Re: Dynamic Document Roots [ In reply to ]
Hi there,

On Fri, 25 Feb 2000, Karyn Ulriksen wrote:

> I'm hoping to introduce dynamic document roots based on the hostname in the
> incoming request. I can set any type of %ENV almost except the
> document_root. I can even set the server_root. I know that vhost is out
> there but it doesn't cut it for what I need to be doing.

Have a look at mod_rewrite?

> Also, any info on how to set the user that will be handling the
> process will be great since that is my next great adventure.
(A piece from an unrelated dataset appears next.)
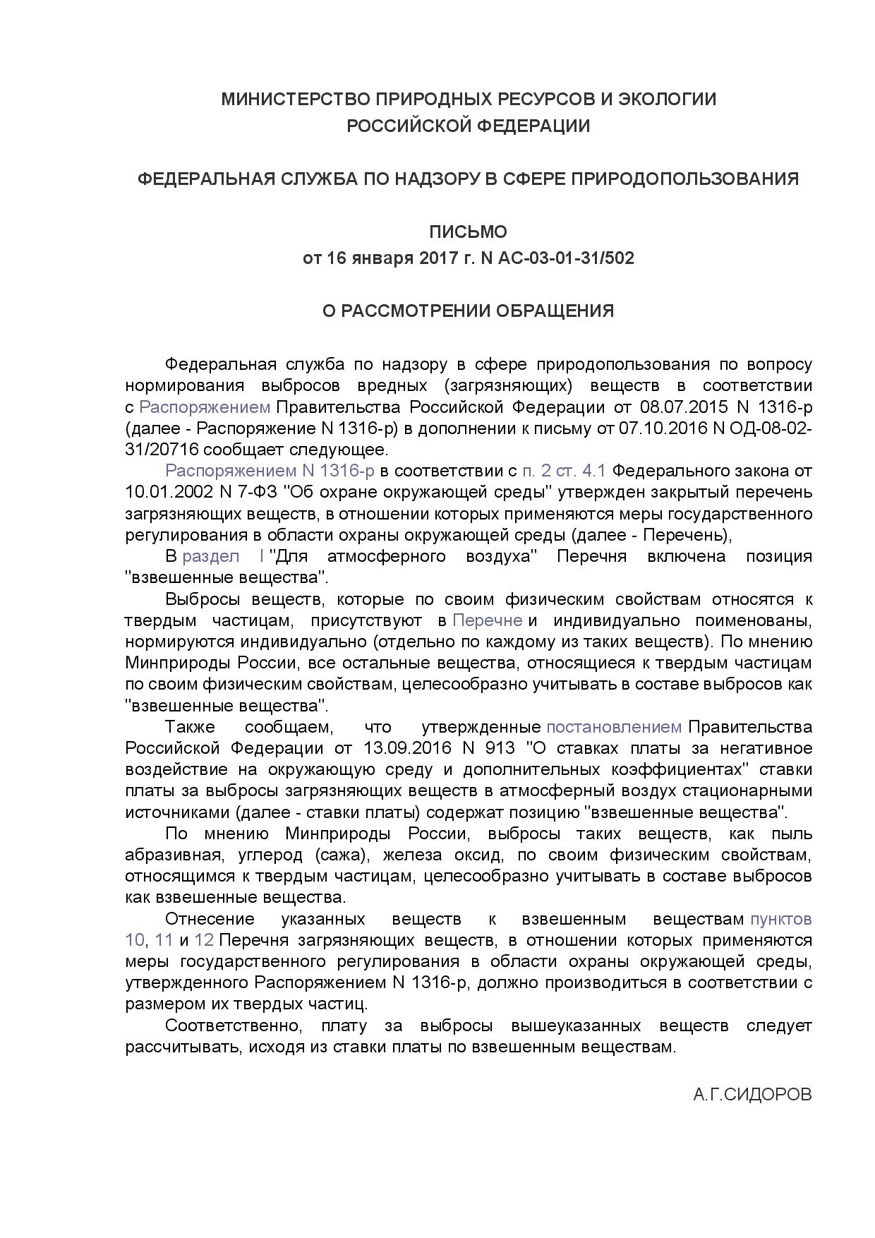 есть еще ПИСЬМО от 16 января 2017 г. N АС-03-01-31/502 это получается, что надо 2930, 328, 123 "...целесообразно учитывать в составе выбросов как "взвешенные вещества"..."? вот не понимаю я - их и в выбросах менять надо на взвешенные?

Unless you mean you want the entire server to have your chosen uid/gid
(in which case it's in httpd.conf) then this could be a bit trickier
with mod_perl. There was another post on the list recently which
seemed to indicate things are not what they seem. I can't find it
just at the moment (I saved it somewhere in my own mail, but obviously
not where I thought I did) so if you don't get any other pointers come
back to me and I'll have another look.

73,
Ged.

> ---------------------------------------------------------------------
> Karyn Ulriksen
> Chief Systems Architect
> PublicHost
> 22 Mauchly, Suite 200
> Irvine, California 92618 USA
> Phone: (949) 743-2000
> email: kulriksen@publichost.com
> URL: http://www.publichost.com
Re: Dynamic Document Roots [ In reply to ]
Thanks for responding.

Rewrite is a great module if you only have a few virtuals. I'm already
doing the Translation phase which gives the the level of control I need. I
actually just need the $ENV{'DOCUMENT_ROOT'} set for reading my user CGI's
such as FrontPage's fpcount.exe program which relies on that variable. I
can work around it by replacing fpcount.exe with my own program, but I know
that it won't be the only program out there with that seems to think it
needs to know the DOCUMENT_ROOT. In other words I can get away with not
having it, but it sure would make a few things simpler. It's wierd that you
can set the SERVER_ROOT which seems to be much more of security risk than
DOCUMENT_ROOT.

I'm coming the lists right now, maybe I'll come across the UID one you
mentioned. If you happen to find it, I'd appreciate forwarding it to me.

Thanx, Karyn.

-----Original Message-----
From: G.W. Haywood [mailto:ged@jubileegroup.co.uk]
Sent: Friday, February 25, 2000 9:47 AM
To: mod_perl Mailing List
Subject: Re: Dynamic Document Roots


Hi there,

On Fri, 25 Feb 2000, Karyn Ulriksen wrote:

> I'm hoping to introduce dynamic document roots based on the hostname in
the
> incoming request. I can set any type of %ENV almost except the
> document_root. I can even set the server_root. I know that vhost is out
> there but it doesn't cut it for what I need to be doing.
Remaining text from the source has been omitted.